Our friends over at Blogoscoped, Philipp Lenssen and Tony Ruscoe, figured out the gallery # and account name for our security contest. They haven’t (yet?) managed to get the actual image. They’ve declined the $1000 bounty, but I’ve offered to donate the same amount, in their name, to the charity of their choice. Still waiting to hear back.
Tim Gosselin, on the other hand, managed to find a way to get a smaller version of the 3Mpix image. Kudos to Tim – clever hack.
Both bugs have already been fixed, I believe, and no-one has managed to get the original image thus far.

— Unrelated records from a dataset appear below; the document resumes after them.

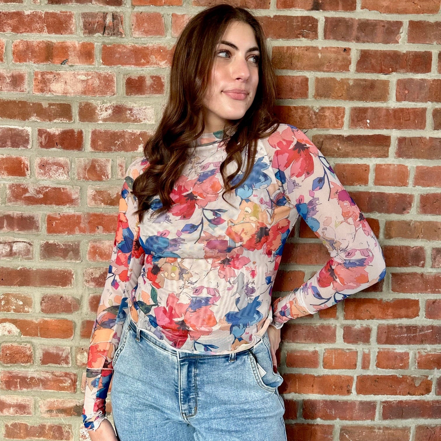 Make a bold statement with this Multicolored Abstract Floral Mesh Top—a vibrant layering piece that brings artistic flair and modern edge to any outfit.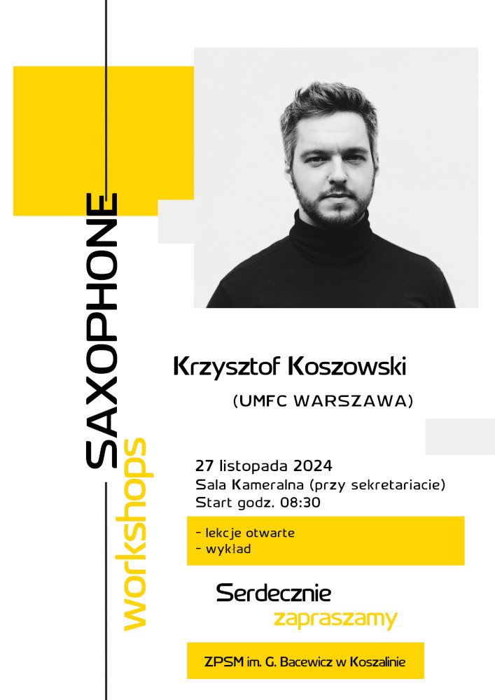 Zapraszamy na warsztaty saksofonowe, które odbędą się 27 listopada 2024 r. w naszej szkole. Zajęcia poprowadzi wykładowca Uniwersytetu Muzycznego Fryderyka Chopina w Warszawie Pan Krzysztof Koszowski.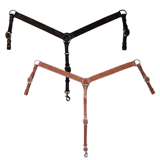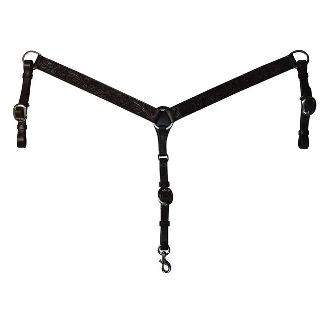 The Circle Y Straight Floral Breastcollar is a 1 1/2″ wide straight breast collar that is made from leather and features beautiful floral tooling. It is designed to be used with most saddles. The breast collar features double ply leather and stainless steel hardware for lasting durability and longer wear. Circle Y started handcrafting saddles in 1960, and today it continues to produce high-quality saddles and tack building on the heritage, traditions, and care the company was founded on.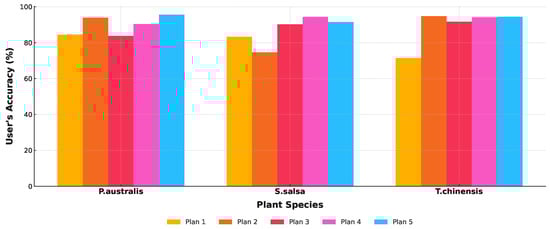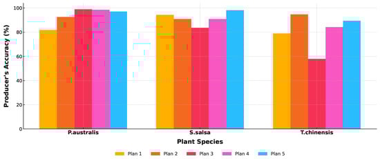 Plan 3 integrates Sentinel-2 data with SAR polarization ratios (VH/VV), improving classification performance. The inclusion of polarization ratios enhances the detection of structural differences, leading to more distinct boundaries for S. salsa and a partial reduction in overlap between T. chinensis and P. australis. Plan 4 incorporates SAR polarization differences (VV-VH) with Sentinel-2 data, further refining the spatial distribution of vegetation. Polarization differences effectively capture subtle variations in vegetation density and height, resulting in clearer separation between the three types.

I’ve had to lower the bounty amount to $599.99 to avoid tax complications, but both Blogoscoped and Tim will be getting the full amount (or donating it or whatever they choose to do).
The contest is still on, so if you’d like to help us tighten our security, give it a shot. 🙂
Wow, first time I’ve slept in since our baby was born (Oct 30th, 2007), and this is what I wake up to. Guess I need to stop slacking. 🙂
First, a chance to strike it rich: I’ll give
$1,000 $599.99 USD (stupid taxes) to anyone who can get a copy of this photo, or tell me which gallery or account it belongs to. To get paid, you must privately email your findings to SmugMug, including details of how you obtained it such that we can reproduce your success. And of course, I’m not using any tricks not available to our customers. Only the first person to expose a given exploit gets the bounty. Multiple reasonably different exploits? Multiple bounties.
Next, a couple of quick bullet points before we get into the meat of the situation, and then I’ll post the full emails to Philipp after the jump so you can read the un-edited versions for yourself:
- Your private photos are still private. Your secure photos are still secure. Note that there is a difference – this is an important distinction.
- If you have security settings applied to your site, galleries, or photos, no-one can see them. They’re impregnable. The sky is not falling, your photos are safe.
- Philipp Lenssen did us the courtesy of investigating the situation, contacting us, and following up – like any true journalist. I appreciate that. I wish, however, that the rest of the blogosphere, especially those that have taken Philipp’s facts and extrapolated them into some other fantasy world, had done the same. Shame on them. I know it’s always fun to join a witch hunt, but still…
- When people tell us stuff, like Philipp has done this morning, we listen. It may take us awhile to internalize it and act upon it, but I assure you, we’re listening.
- While Philipp and I don’t see eye-to-eye on this issue, he did indirectly bring a privacy hole to my attention, which has now been fixed. More on that later.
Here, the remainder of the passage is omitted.